Malaysia will next week release a preliminary report into the disappearance of Malaysian Airlines flight MH370, as the government continues to face criticism over its handling of the investigation.
Malaysian officials said on Wednesday that the report had already been sent to the International Civil Aviation Organization (ICAO), which requires countries to submit a factual run-down of what is known so far in any air crash within 30 days.
The aircraft went missing on March 8, as it travelled from Kuala Lumpur to Beijing.
Prime Minister Najib Razak told CNN late on Thursday: "I have directed an internal investigation team of experts to look at the report, and there is a likelihood that next week we could release the report."
Najib said his government was not yet prepared to declare MH370's passengers dead, while saying it was "hard to imagine otherwise", AFP news agency reported.
"At some point in time I would be, but right now I think I need to take into account the feelings of the next of kin - and some of them have said publicly that they aren't willing to accept it until they find hard evidence."

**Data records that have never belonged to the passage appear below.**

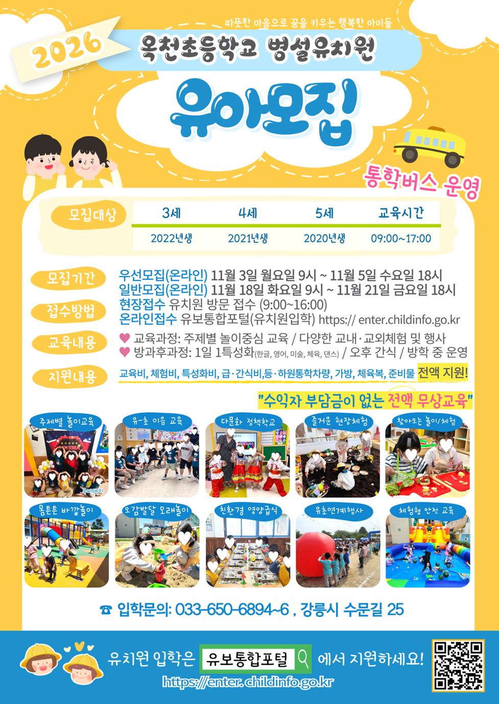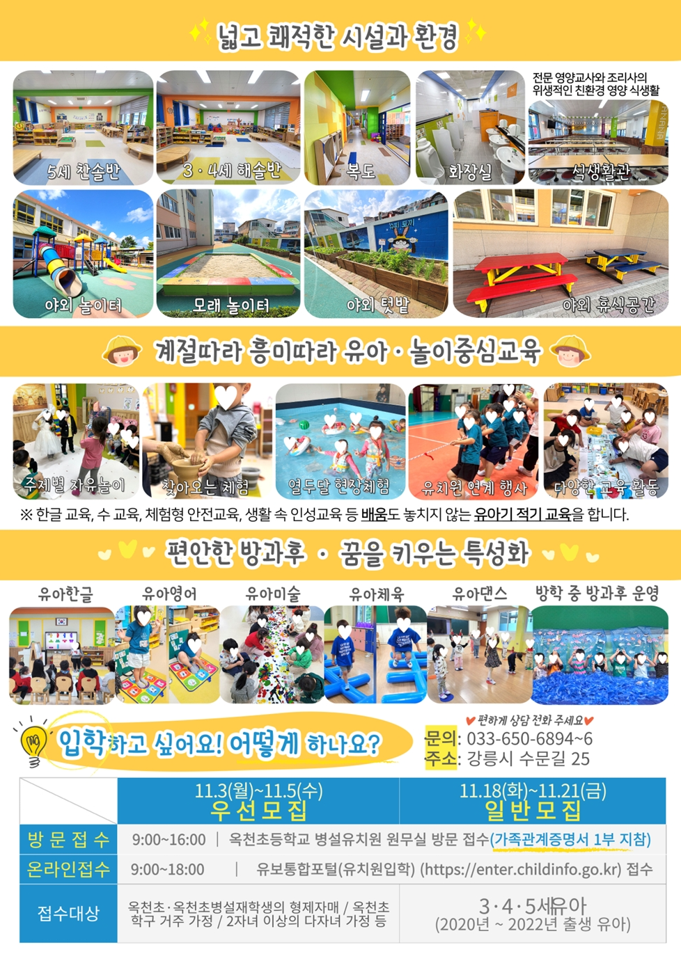 Okcheon Elementary School Attached Kindergarten is now accepting applications for the 2026 school year.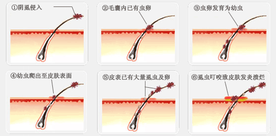 由于早期阴虱病以会阴部瘙痒为主,时间长可见丘疹、红斑,早期一般人不引起重视甚至不治疗。实在阴虱的繁殖能力很强,天天可以繁殖40-50个,长时间不治疗可能导致虱疮,继发感染其他系统疾病,由于阴虱可以自由活动,长时间不能消除可以传播到身体其他有毛发部位,比如头发、腋窝等处,增加治疗难度,可以导致夫妻双方、朋友及家人等感染,引起群体发病。假如阴虱病长时间不治疗科导致毛囊炎、脓疱和湿疹,令患者无法睡眠、无法正常学习、工作!所有发现以后要正确对待、积极治疗。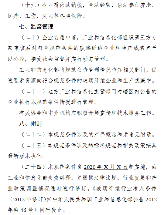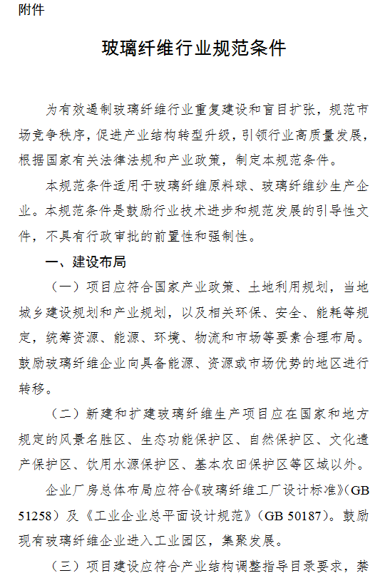据工业和信息化部消息,为有效遏制玻璃纤维行业重复建设和盲目扩张,规范市场竞争秩序,促进产业结构转型升级,引领行业高质量发展,根据国家有关法律法规和产业政策,制定《玻璃纤维行业规范条件》。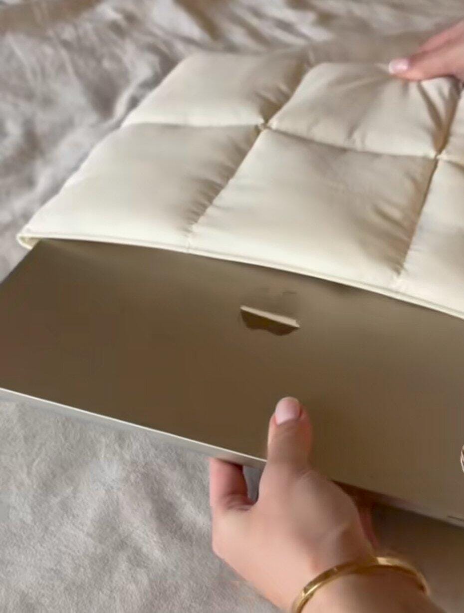 The photos don’t do justice. The material feels luxurious, the stitching is clean, and it fits my MacBook perfectly. Love the puffy design.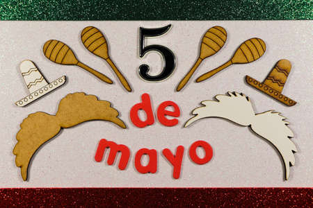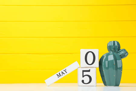 Mexican fiesta and Cinco de Mayo party concept theme with calendar on May 5th, red jalapeno pepper necklace, maracas, cactus, traditional rug and sombrero shaped confetti on yellow background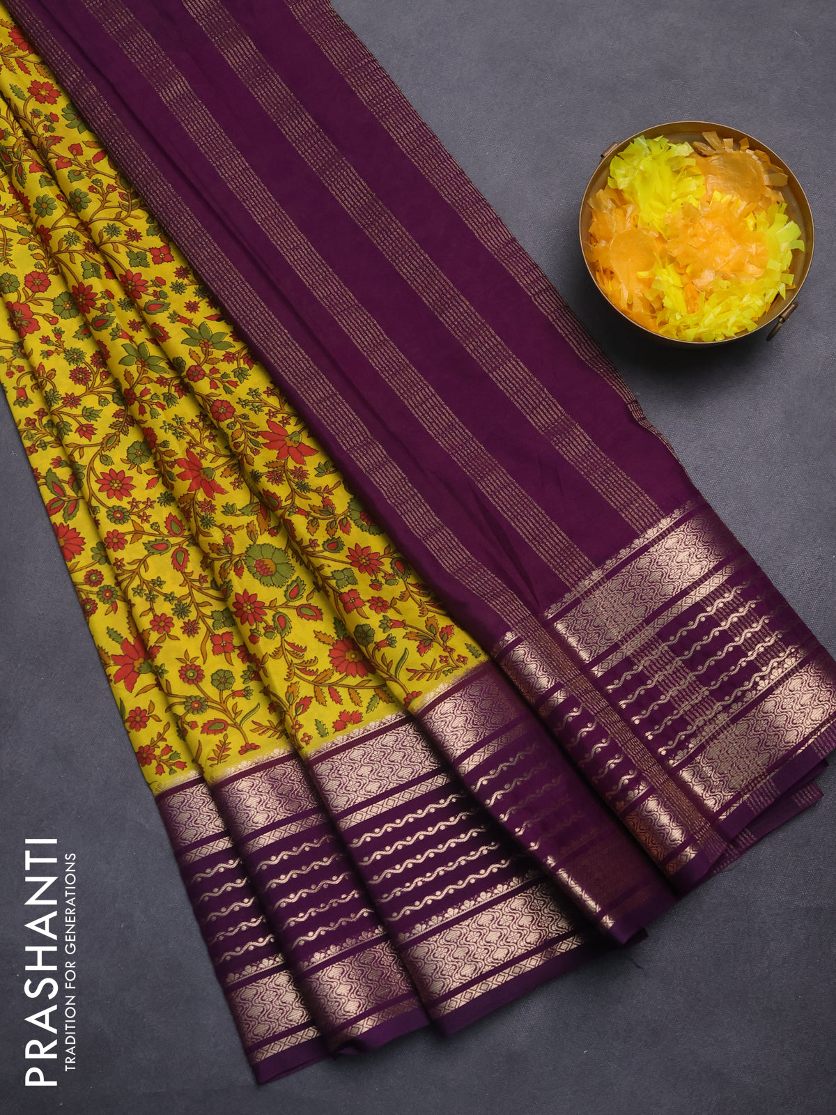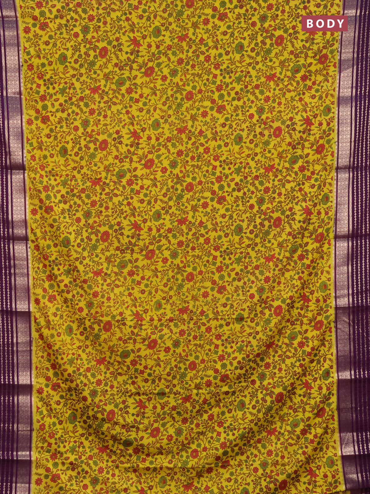 Semi mysore silk saree lime yellow and deep purple with allover kalamkari prints and zari owven border

The Malaysian cabinet this week also approved plans to set up what Transport Minister Hishammuddin Hussein described as a "highly credible" international team tasked with investigating what happened to MH370.
His ministry was still assembling the team, whose members would be made known next week, he told reporters on Wednesday. "As I've consistently said since the beginning, we have nothing to hide," he said.
The investigation will not cover any findings from a criminal investigation being conducted by Malaysian police.